Because land in the tropics is so cheap and its trees so carbon-rich, it's very affordable to conserve it by compensating governments, ranchers, farmers, and tribes for protecting their forests. Brazil is starting to reduce emissions from deforestation for $5 per ton of carbon dioxide, one half to one quarter the cost of pollution reductions in the domestic energy sector.

An energy-only approach to climate change would mean that U.S. ratepayers would have to foot the bill for excluding tropical forests from a climate solution. Politically, making reducing pollution more expensive than necessary means it will be that much harder to get the votes needed to support the strong climate targets we need.

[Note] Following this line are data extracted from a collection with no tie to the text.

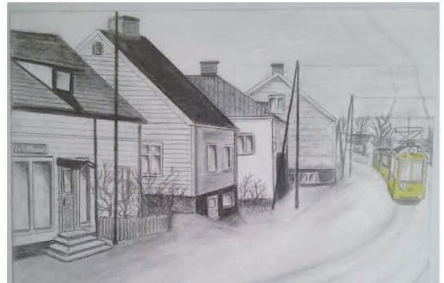
Kuvassa Tykkyläisen kampaamo 1940-luvulla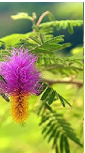
तेजस्विता एवं दृढ़ता का प्रतीक है। इसमें प्राकृतिक तौर पर अग्निवृत्त की प्रचुरता होती है इसलिए इसे यज्ञ में अग्नि को प्रज्वलित करने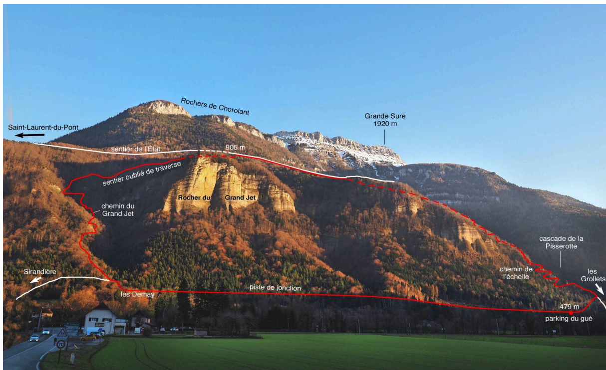
Le Grand Jet vu du Pont de Demay.

1- Il semble qu'à ce niveau, le chemin initial, tracé sur l'IGN de 1950, monte à gauche dans une draye. Mais celle-ci est raide et encombrée, et la trace se perd assez vite. En tout cas, le bout de pointillé qui figure sur l'actuelle IGN est faux, car trop au nord.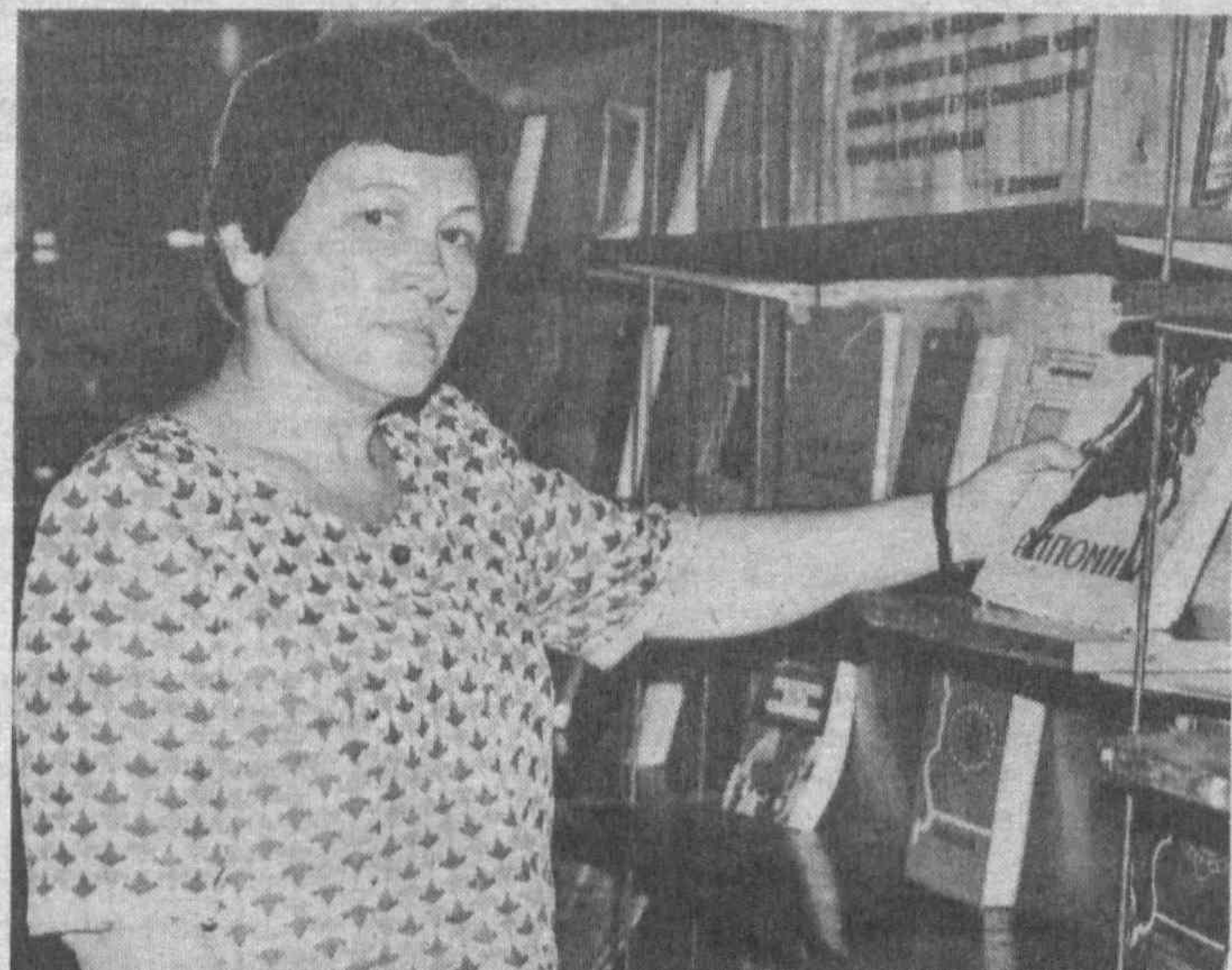
Книга в нашей жизни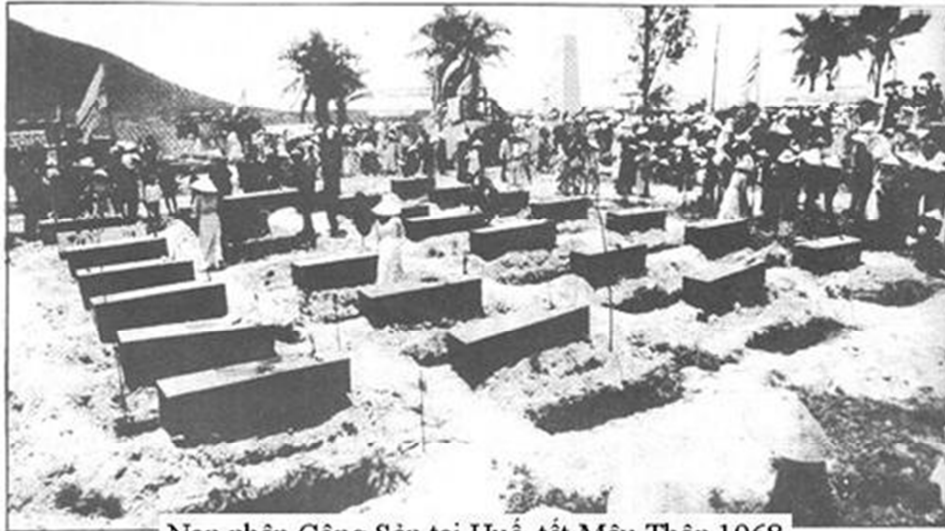
Nạn nhân Cộng Sản tại Huế, tết Mậu Thân 1968.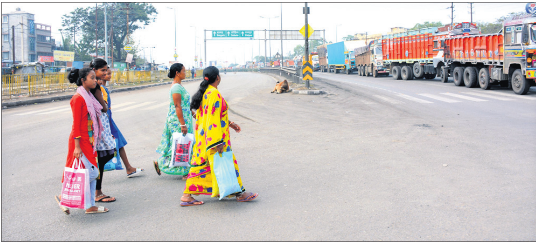
ବନ୍ଦ ଯୋଗୁ ସମ୍ବଲପୁର ଅଇଁଠାପାଲି ଛକ ଶୂନ୍ୟମାନ।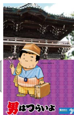
「寅さん」ラッピング列車イメージ図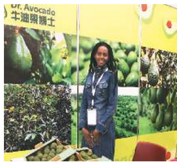
第二届国际非洲牛油果大会现场。

中国对进口鳄梨实施准入制度。只有在海关总署允许输华名录内的国家或地区才能对华出口鳄梨，相关国家或地区名录可在海关总署动植物检疫司网站查询，该名录动态更新。 鲜食鳄梨应来自经海关总署批准注册的产地、果园和包装厂。中国对进口鳄梨的境外国家或地区的产地、果园和包装厂实施注册登记管理，由境外国家或地区主管当局向海关总署推荐注册，海关总署对外公布名单。名单可在海关总署动植物检疫司网站查询，该名录动态更新。 鲜食鳄梨及境外生产企业等信息应符合海关总署网站公布的警示通报等其他要求。 此外，贵公司在与境外相关进口鳄梨厂商签订贸易合同或协议前，应向审批机构提出申请并取得《中华人民共和国进境动植物检疫许可证》。检疫许可证自签发之日起一年内有效，不得买卖或转让；有效期内可在许可数量范围内分批进口，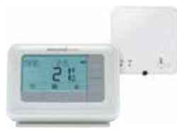
T4/T4R programozható digitális vezetékes / vezeték nélküli helyiségtermostát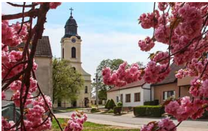
Rozkvetlé sakury v parčíku „za Crhákovým“ na ulici Bezručova.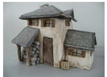
Élément de décor : La maison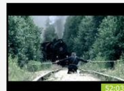
В июне 1941-го: Серия 1 Экшен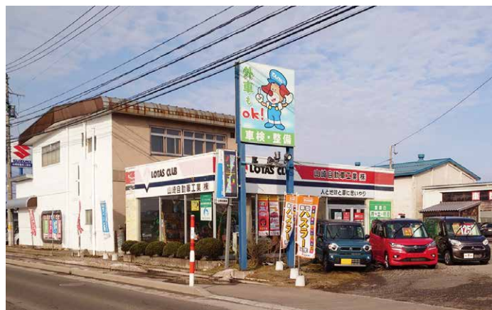
山崎自動車工業株式会社 秋田県鹿角市花輪字蒼前平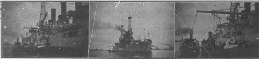
En Cuanánamo.—Buques de la escuadra americana en la Estación Naval.

al trabajo la tenemos en el desarrollo que obtienen ciertas industrias en Cuba.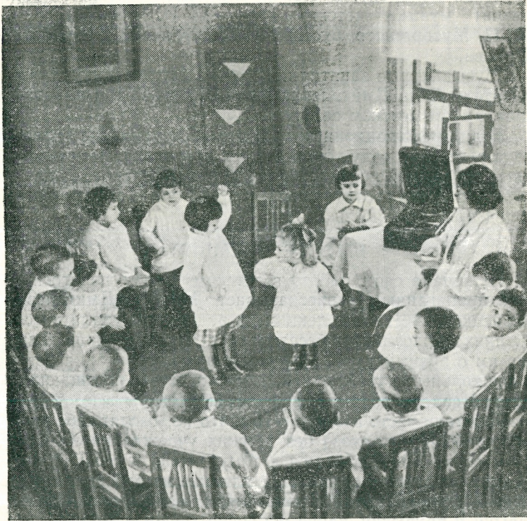
Воспитанники детского сада любят танцевать.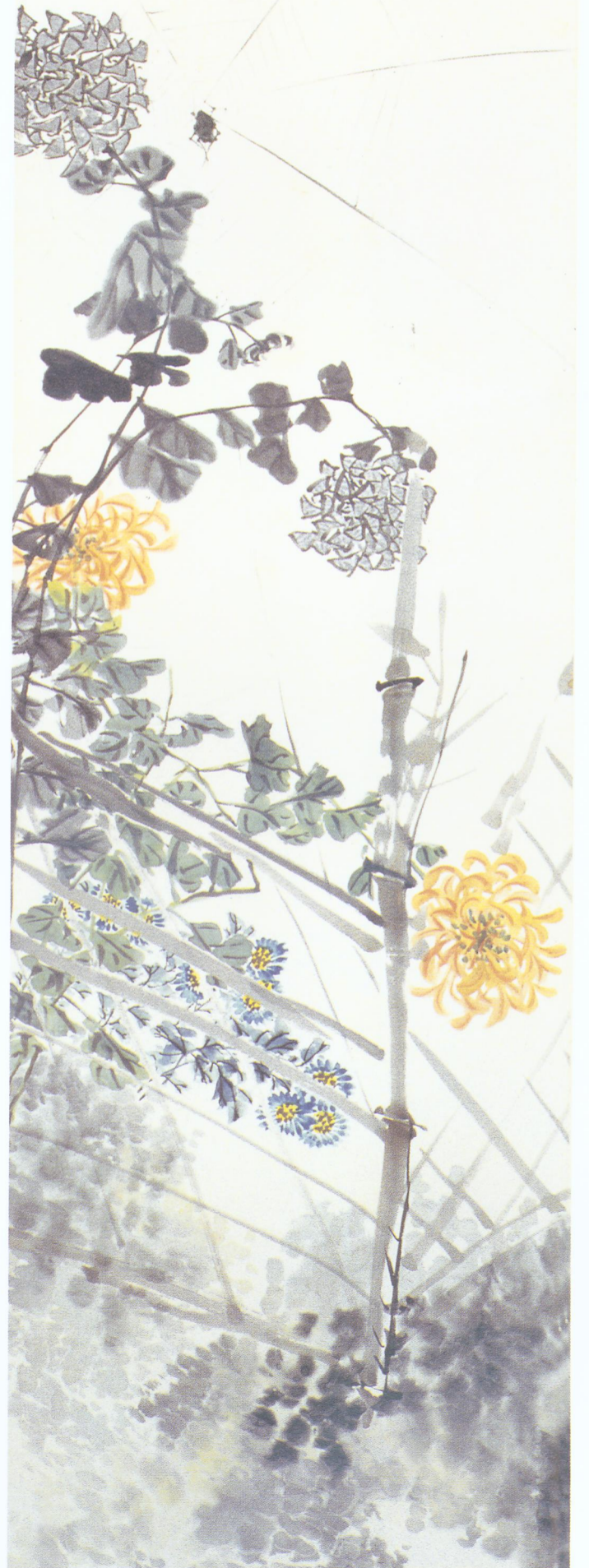
1. 花卉四条屏之一 纸本 立轴 设色 168.4cm × 42.8cm 故宫博物院藏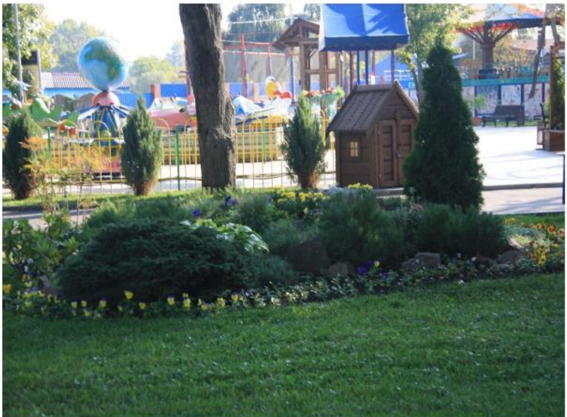
Рисунок 5 - Памятник природы «Парк Солнечный остров»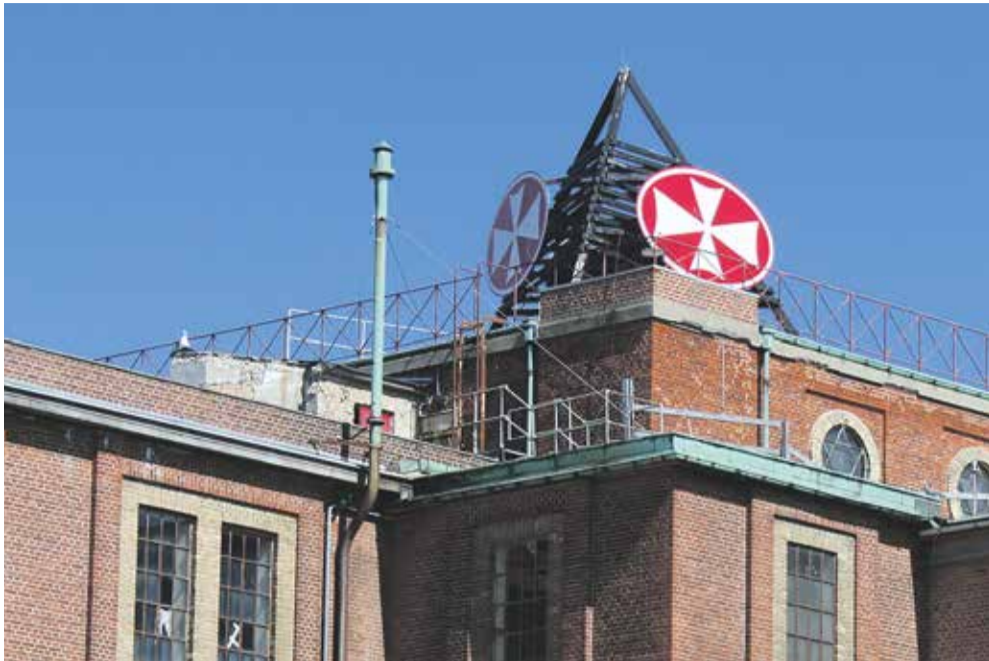
Mon det bliver i den gamle spritfabrik, at Aalborg Teater får adresse i fremtiden.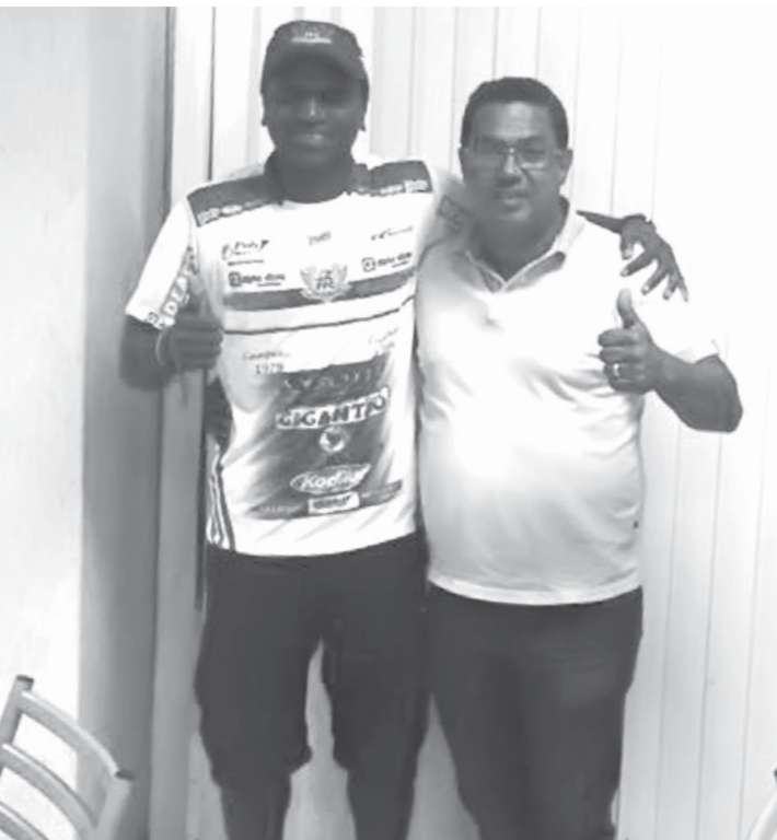
De acordo com a diretoria, Abuda será inscrito no Paulista caso o Fefecê se classifique à segunda fase

Jogador já chegou a Fernandópolis e treinou com o elenco do Fefecê na manhã de ontem no municipal Claudio Rodante; reforço ainda não tem data para estreiar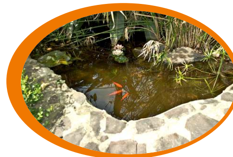
Tieni pulite fontane e vasche ornamentali, eventualmente introducendo pesci rossi (predatori di larve di zanzare)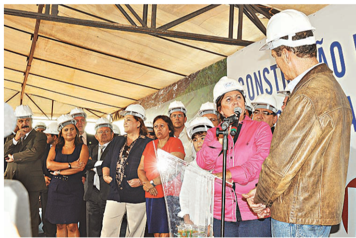
► ...e falam sobre o cronograma de obras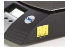
Eingangsbuchsen für externe Typ K-Thermofühler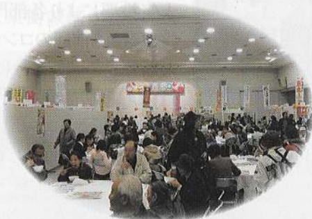
飲食ブースは大盛況!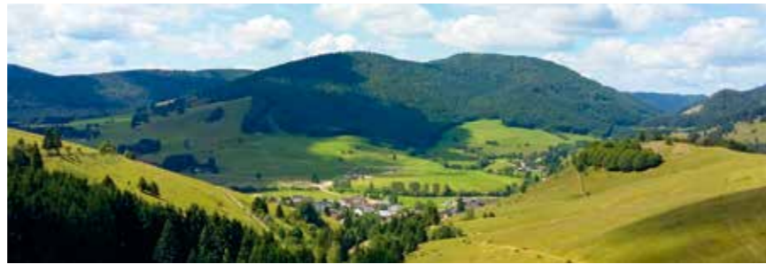
Klimawandel fordert einen stärkeren Fokus auf die Landschaft. Blick ins Hochtal von Bernau.

Der Südschwarzwald beherbergt viele naturschutzfachlich hochwertige Flächen. Diese Lebensräume geraten durch den Klimawandel unter Druck, mit teils massiven Auswirkungen für den Naturschutz.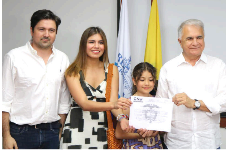
Rodrigo Villalba Mosquera Gobernador electo del Huila acompañado por su familia.

El nuevo líder departamental ha destacado en múltiples ocasiones su intención de trabajar arduamente para promover el progreso económico, fortalecer la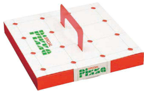
④ ピザパイスペシャル (50枚入) (WPZ-66) 入数 インチ用 1-0967-0401 7 02108 215×215×H30 ¥8,700 1-0967-0402 9 02109 233×233×H30 ¥9,300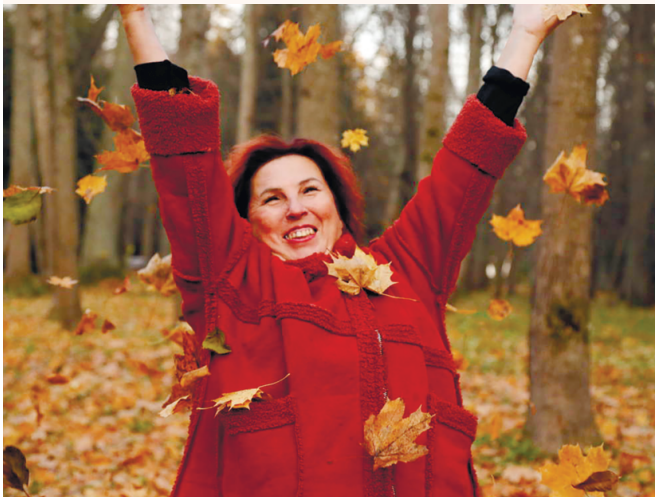
Продолжение, начало в № 44 от 7 ноября 2024 г. АПЕЛЬСИНОВЫЙ ГОРОД

Вечером первого дня нашего СМИшного путешествия я перенеслась... в детство. Мы совершили замечательную прогулку в Ораниенбаум – дворцово-парковый ансамбль, музей-заповедник в городе Ломоносов. Это единственный подобный памятник в окрестностях Санкт-Петербурга, не разрушенный в годы войны. Он не так популярен у туристов, как Петергоф, расположенный рядом, поэтому очередей здесь не бывает, можно все спокойно осмотреть. А поскольку мы были октябрьским вечером, парк оказался практически безлюдным.

Burning of the Amazon rainforest for cattle. Credit: MongaBay/NASA LBA-ECO Project

Protecting these forests will have another major benefit for the U.S. economy. Because tropical land is so cheap and mostly unprotected, it's easy for foreign agriculture and ranching operations to cut them down and replace them with cattle, soybean, and logging operations (many of them illegal). Not only is this deforestation devastating to the climate, the wildlife, and people of the forests, it also allows these foreign operations to U.S. agriculture and timber producers that, while less than perfect in some cases, are way better than those that tear down pristine rainforests for cattle for three to five years.

Left unchecked, tropical deforestation will cost the U.S. agriculture, ranching, and timber industries more than $100 billion between now and 2030 -- a real blow to a rural economy that's already been hit hard by the recession.

It's clear that we urgently need to address climate change -- but we can't afford to do it without our farms and our forests.